Tang Jiankai: There are already some foreign companies working in related directions. For example, FaceHeart mainly focuses on cardiac health monitoring and has obtained FDA certification. Currently, it mainly serves the telemedicine scenario. However, our direction is not only heart rate monitoring but also covers more dimensions such as emotions, stress, and eye movement behavior. In terms of the ability boundary, we are extending from physiological perception to "understanding of human states".
There are also domestic teams working on rPPG, but most of the solutions are in the mode of "recording video + cloud analysis". Usually, a video of more than 30 seconds needs to be recorded first and then uploaded to the cloud for unified calculation. The whole analysis process may take dozens of seconds, making it difficult to achieve real - time response. Once the user moves, the light changes, or the posture fluctuates, the overall robustness will significantly decline.
Hard Krypton: Why can Weimian Technology make physiological perception based on rPPG more accurate?
Tang Jiankai: At the model level, we have made a lot of optimizations. The core idea is to use the "state - space model" to predict the physiological state of the human body at the next moment. A person's physiological state does not suddenly jump from a heart rate of 60 to 100. It has continuity and periodicity. Our state - space model captures this stable change pattern and combines it with the periodic fluctuation characteristics in medicine to continuously predict the current state of the human body.
In addition, data quality is also crucial. Our training data does not come from "virtual labeling" by large models but from cooperation with hospitals and collection by medical - grade devices. Currently, we have established a clinical database of tens of thousands of people, so the objectivity and accuracy of the data are higher.

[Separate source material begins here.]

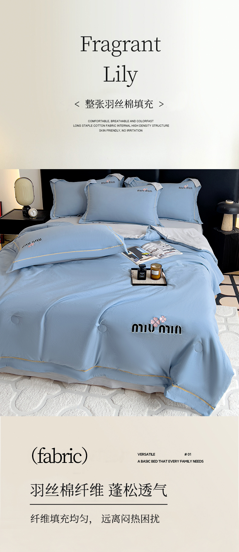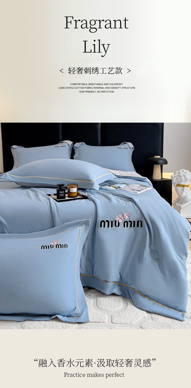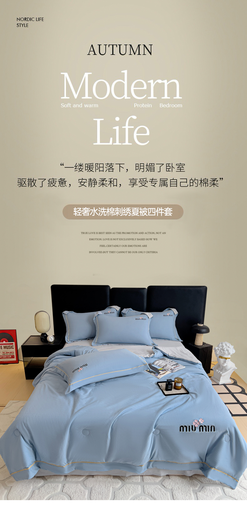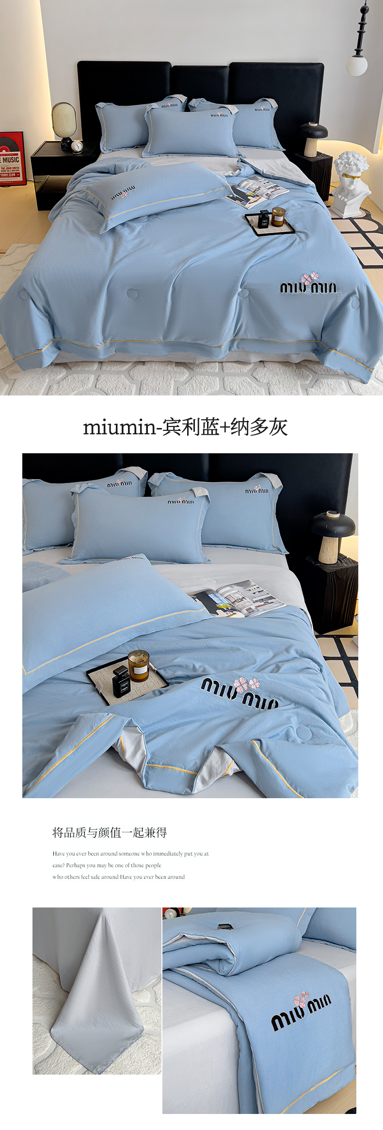 当前位置: 91家纺网 > 商品网购 > 床品套件 > 四件套 > 夏被四件套 > 灰鲸 2025新款轻奢miumin刺绣水洗棉夏被四件套系列 miumin-宾利蓝+纳多灰

In terms of emotional understanding, we also have a complete logic. For example, psychological research has proven that high HRV often corresponds to a more positive, relaxed, or more interested state; while an increased heart rate during strenuous exercise does not necessarily mean emotional fluctuations. Therefore, we not only look at the physiological indicators themselves but also combine spatial features such as actions, postures, and eye movements to understand a person's real state.
To put it simply, we are integrating the "physiological continuity in the time dimension" and the "visual perception ability in the space dimension" into a unified model, enabling AI to understand a person's physiology, emotions, and behavior simultaneously.
Hard Krypton: Why did you further develop hardware modules?
Tang Jiankai: Video is different from language. It contains a huge amount of information. If all the data is uploaded to the cloud for processing, it will not only cause high latency but also affect the real - time interaction experience. Therefore, we prefer end - side processing, allowing perception and inference to occur directly on the local device, so that the response will be more timely and the interaction will be smoother.
Another important reason is privacy. The data we process is related to physiology and emotions, which are relatively sensitive information. Especially in scenarios such as medical care and health management, users would prefer to keep the data on local devices rather than upload it all to the cloud API.
Investor's view
Shunwei Capital: The real - time physiological and emotional understanding base model developed by the company is globally unique in terms of technical route and underlying architecture. This technology can be quickly implemented in multiple scenarios such as intelligent cockpits, robots, and intelligent hardware, with broad application prospects. Shunwei highly recognizes the team's technical and productization capabilities and is willing to deeply cooperate with Weimian Technology in all scenarios of people, vehicles, and homes, accompany it in the long - term, and jointly explore the business prospects of the next - generation human - machine interaction and embodied intelligence track.